After word segmentation will become:
the role of natural selection lies entirely in the preservation and accumulation of the various variants which, for each organism, are favourable both under organic and inorganic conditions during their lifetime. The end result of this is that the relationship of various organisms to their external conditions is increasingly improving. Such improvements entail progressive development of the regime of most organisms worldwide. "

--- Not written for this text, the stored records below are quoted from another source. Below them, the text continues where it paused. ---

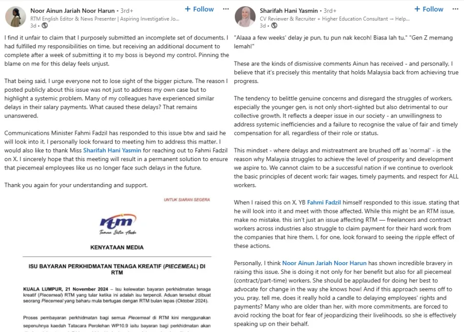 “While this might be an RTM issue, make no mistake, this isn’t just an issue affecting RTM — freelancers and contract workers across industries also struggle to claim payment for their hard work from the companies that hire them. I, for one, look forward to seeing the ripple effect of these actions. To the higher-ups, please show some empathy,” she wrote on her page. Both women stated that Communications Minister Fahmi Fadzil had responded to their calls and would look into the issue.
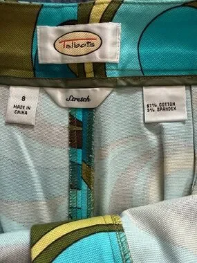 Talbots cropped pants with bold swirl print. Bright turquoise base with olive and brown accents. Stretch cotton blend for comfort. Stylish, retro-inspired look.
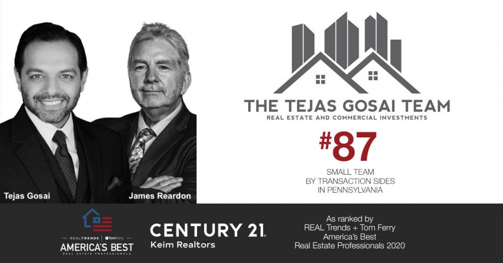 Bethlehem, Pennsylvania, July 1, 2020 – The Tejas Gosai Team was named one of America’s most productive real estate teams as a part of REAL Trends + Tom Ferry America’s Best Real Estate Professionals, a ranking report produced by REAL Trends and Tom Ferry International. Since its start in 2018, The Tejas Gosai Team has built an ironclad reputation as trusted advisors with a knack for navigating the undercurrents of the Lehigh Valley’s booming marketplace. Today, Tejas Gosai is based in Bethlehem, Pennsylvania, under the banner of Century 21 Keim Realtors. The Tejas Gosai Team finished 2019 by ranking in the top 100 Century 21 teams in the United States and in the top 3 Century 21 teams in the state. Gosai’s team is now a national member of the “America’s Best Real Estate Teams,” and ranked number 87th for the Commonwealth of Pennsylvania.
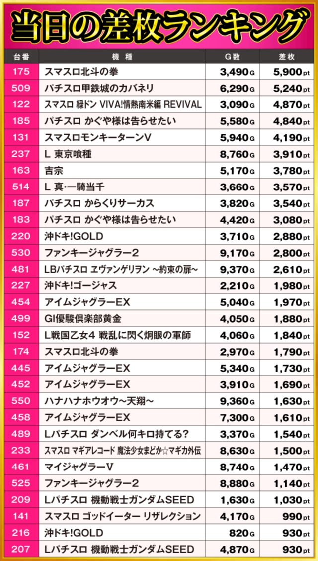 この日は、人気機種を中心にハイスコアが続出。そんな中、『スマスロ北斗の拳』と『パチスロ甲鉄城のカバネリ』+5,000pt超を記録しプレイヤーの注目を集めていた。また、ジャグラーシリーズも奮闘しており、『アイムジャグラーEX』をメインに差枚TOP30に7台がランクインする盛況ぶりを見せている。

d. Filtering stop words of the text; stop words have no practical meaning, and for English text, 'the', 'is', 'at', 'which', 'on' etc. can be used as stop words, and for Chinese text, 'a', 'here', 'where', 'I', 'though', etc. can be used as stop words. After the text is filtered for stop words, a set of sentence sets St ═ St { St } separated by stop marks (","1,st2,...,stnThe deactivation vocabulary can be defined by itself, which is not limited by the present invention. The invention uses a hundred degree stop word list and adds some stop words defined by texts. For the segment given in step (2.2), the filter by stop word becomes:
"natural selection action is fully preserved and accumulated organic and inorganic conditions of various variant organisms in life period are favorable
The final result is that the biological external condition relation is improved day by day
Improvement incurs gradual progress in the world's biosystems ";
e. removing repeated words in each sentence, wherein after the filtering step of the stop words, the repeated words become:
"natural selection action is fully preserved and accumulated in the life period of various variant organisms under the organic and inorganic conditions
The final result is that the biological external condition relation is improved day by day
Improvement incurs gradual progress in the world's biosystems ";
2) mining a frequent closed item set of a document and generating a strong association rule set;
a. establishing a transaction set and an item set; the transaction is a single sentence in the text T; the transaction set is the whole preprocessed text T; any subset of all words contained by the set of terms for the entire text T is denoted as I ═ w1,w2,...,wmWi is the ith word in the item set; for the book of "provenance of species", the transaction set is all the texts preprocessed in the book, the transaction is one sentence of the preprocessed texts, and the set of any words in the texts preprocessed by the term set is denoted as I ═ w1,w2,...,wm},wiThe ith word in the item set;
b. solving a closed item set; the closed term set is term set X if and only if S (X) f (g (X)) fg (X) X, where S fg is a closure operation; assume that there are five transactions in the transaction set, with transaction IDs tr1, tr2, tr3, tr4, tr5, and item sets { a, c, d }, { b, c, e }, { a, b, c, e }, { b, e }, and { a, b, c, e }, respectively. One set of closure terms is S ({ b, e }) ═ f (g ({ b, e }))) f ({2,3,4,5}) } b, e }.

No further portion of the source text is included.